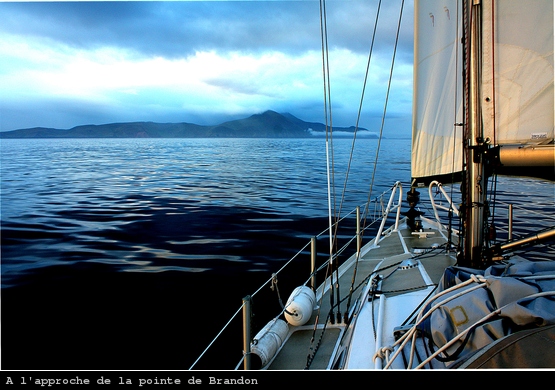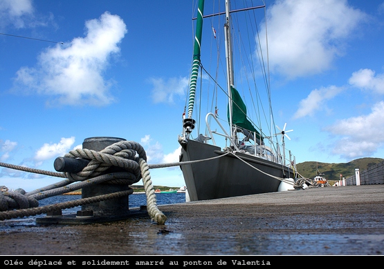 Le temps se dégrade encore. Un souffle de Sud-Est m’empêche d’avancer vers Valentia avec un début de pluie. La météo prévoyant un vent de 10 à 15 noeuds, j’avais retiré la trinquette que je ré-endraille à toute vitesse. La pression tombe et j’avance péniblement vers le sud en zig-zag.
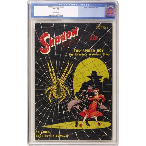 <B>Shadow Comics V8#3 (Street & Smith, 1948) CGC VF+ 8.5 Off-white pages.</B></I> Doc Savage backup story. Bob Powell cover and art. Classic spider web cover. Overstreet 2006 VF 8.0 value = $281; VF/NM 9.0 value = $441. CGC census 3/07: 2 in 8.5, none higher.<BR><BR><b>Shipping:</b> Comics - Slabbed (certified) (<a target=""_blank"" href=""http://www.heritageauctions.com/common/shipping.php"">view shipping information</a>)
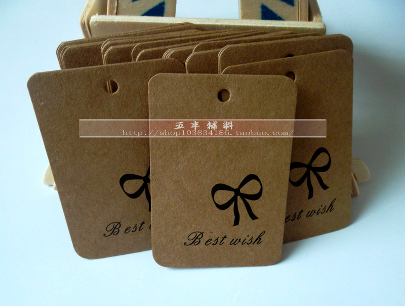 Общая точная одежда Tag Custom Торговая марка Производство бесплатное дизайн карты бумажных тегов и подарки Bow Bowl Book
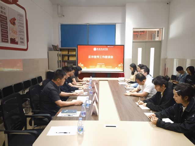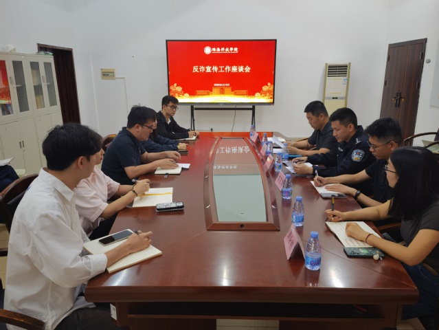 为进一步筑牢校园反诈防线,切实守护学生财产安全,提升校园反诈宣传教育的针对性与实效性,2026年3月19日上午,学校保卫处联合珠海市公安局金湾分局金海岸派出所、三灶镇平安法治办公室,深入二级学院,组织召开反诈宣传工作座谈会。金海岸派出所副所长萧永光,三灶镇平安法治办公室工作人员赵正浩、黄永胜,学校相关学院学工办主任,辅导员代表以及保卫处工作人员参加座谈会,保卫处副处长薛嘉升主持会议。
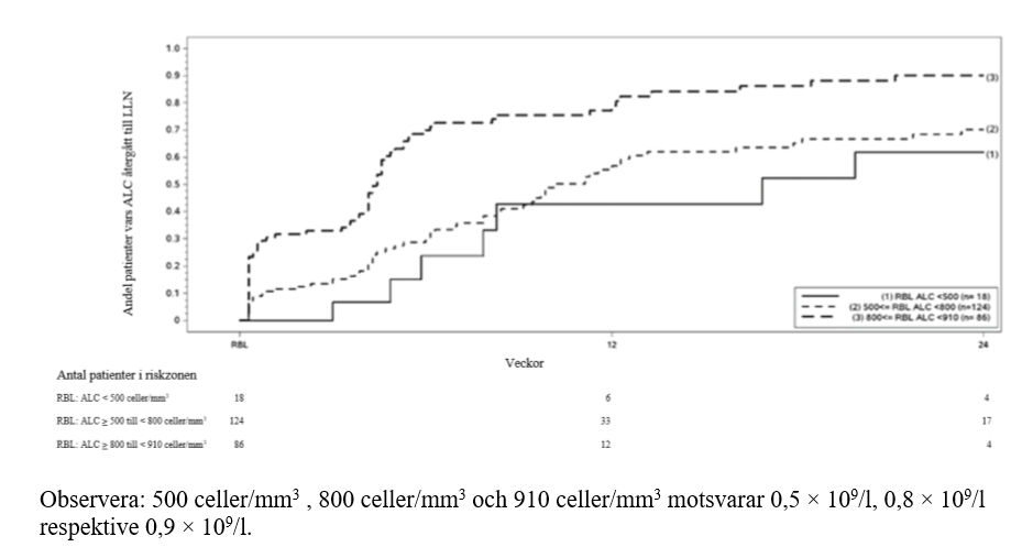 behandlingen ska sättas ut hos patienter med långvarig svår lymfopeni (lymfocyttal < 0,5 × 109/l) som pågår i mer än sex månader.
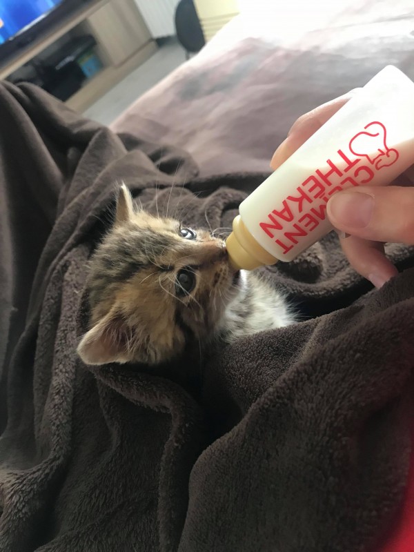 Nous l'avons trouvé dans un carton lors d'une balade elle était la seul survivante et d'après la véto elle était âgée d'à peine 15 jours, bien qu'en très mauvaise état je l'ai récupéré et j'ai décidé de la garder et de la soigner. Elle avait le coryza, des yeux en très mauvaise état, au point qu'elle est aujourd'hui aveugle d'un oeil et mal voyante de l'autre.
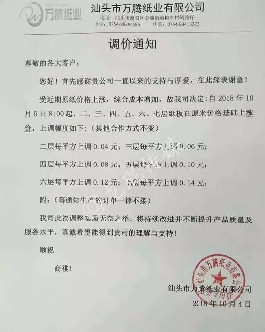 汕頭市萬騰紙品實業有限公司:從2018年10月5日8點起,二層紙板價格每平方上調0.04元;三層紙板價格每平方上調0.06元;四層紙板價格每平方上調0.08元;五層紙板價格每平方上調0.10元;六層紙板價格每平方上調0.12元;七層紙板價格每平方上調0.14元。等通知生產的訂單一律不接。
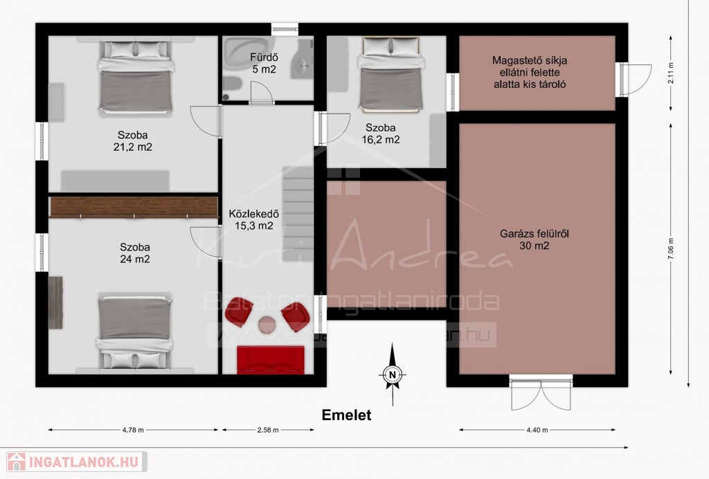 Az emeleti rész felett további pakolásra alkalmas tetőtéri rész található.
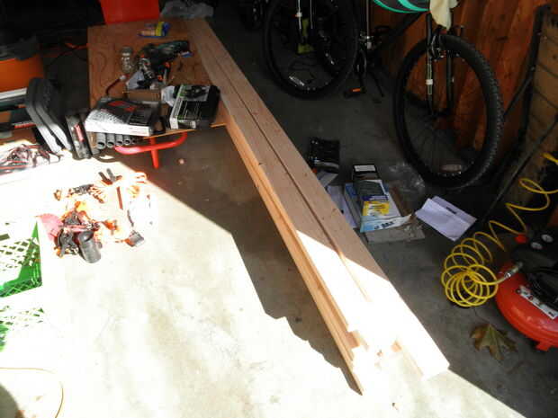 Recientemente tengo un garaje que empecé a mover herramientas en. Ahora necesito una estantería en el barato. Esto es hecha completamente de 12 2x4x8s (The home depot 31 dólares). Ya tenía las otras herramientas de mano que necesitaba de otros proyectos:

• WORK TASK
Copy the listing verbatim, omitting images.

• SOLVED PROBLEM
 Le temps se dégrade encore. Un souffle de Sud-Est m’empêche d’avancer vers Valentia avec un début de pluie. La météo prévoyant un vent de 10 à 15 noeuds, j’avais retiré la trinquette que je ré-endraille à toute vitesse. La pression tombe et j’avance péniblement vers le sud en zig-zag.
 <B>Shadow Comics V8#3 (Street & Smith, 1948) CGC VF+ 8.5 Off-white pages.</B></I> Doc Savage backup story. Bob Powell cover and art. Classic spider web cover. Overstreet 2006 VF 8.0 value = $281; VF/NM 9.0 value = $441. CGC census 3/07: 2 in 8.5, none higher.<BR><BR><b>Shipping:</b> Comics - Slabbed (certified) (<a target=""_blank"" href=""http://www.heritageauctions.com/common/shipping.php"">view shipping information</a>)
 Общая точная одежда Tag Custom Торговая марка Производство бесплатное дизайн карты бумажных тегов и подарки Bow Bowl Book
 为进一步筑牢校园反诈防线,切实守护学生财产安全,提升校园反诈宣传教育的针对性与实效性,2026年3月19日上午,学校保卫处联合珠海市公安局金湾分局金海岸派出所、三灶镇平安法治办公室,深入二级学院,组织召开反诈宣传工作座谈会。金海岸派出所副所长萧永光,三灶镇平安法治办公室工作人员赵正浩、黄永胜,学校相关学院学工办主任,辅导员代表以及保卫处工作人员参加座谈会,保卫处副处长薛嘉升主持会议。
 behandlingen ska sättas ut hos patienter med långvarig svår lymfopeni (lymfocyttal < 0,5 × 109/l) som pågår i mer än sex månader.
 Nous l'avons trouvé dans un carton lors d'une balade elle était la seul survivante et d'après la véto elle était âgée d'à peine 15 jours, bien qu'en très mauvaise état je l'ai récupéré et j'ai décidé de la garder et de la soigner. Elle avait le coryza, des yeux en très mauvaise état, au point qu'elle est aujourd'hui aveugle d'un oeil et mal voyante de l'autre.
 汕頭市萬騰紙品實業有限公司:從2018年10月5日8點起,二層紙板價格每平方上調0.04元;三層紙板價格每平方上調0.06元;四層紙板價格每平方上調0.08元;五層紙板價格每平方上調0.10元;六層紙板價格每平方上調0.12元;七層紙板價格每平方上調0.14元。等通知生產的訂單一律不接。
 Az emeleti rész felett további pakolásra alkalmas tetőtéri rész található.
 Recientemente tengo un garaje que empecé a mover herramientas en. Ahora necesito una estantería en el barato. Esto es hecha completamente de 12 2x4x8s (The home depot 31 dólares). Ya tenía las otras herramientas de mano que necesitaba de otros proyectos:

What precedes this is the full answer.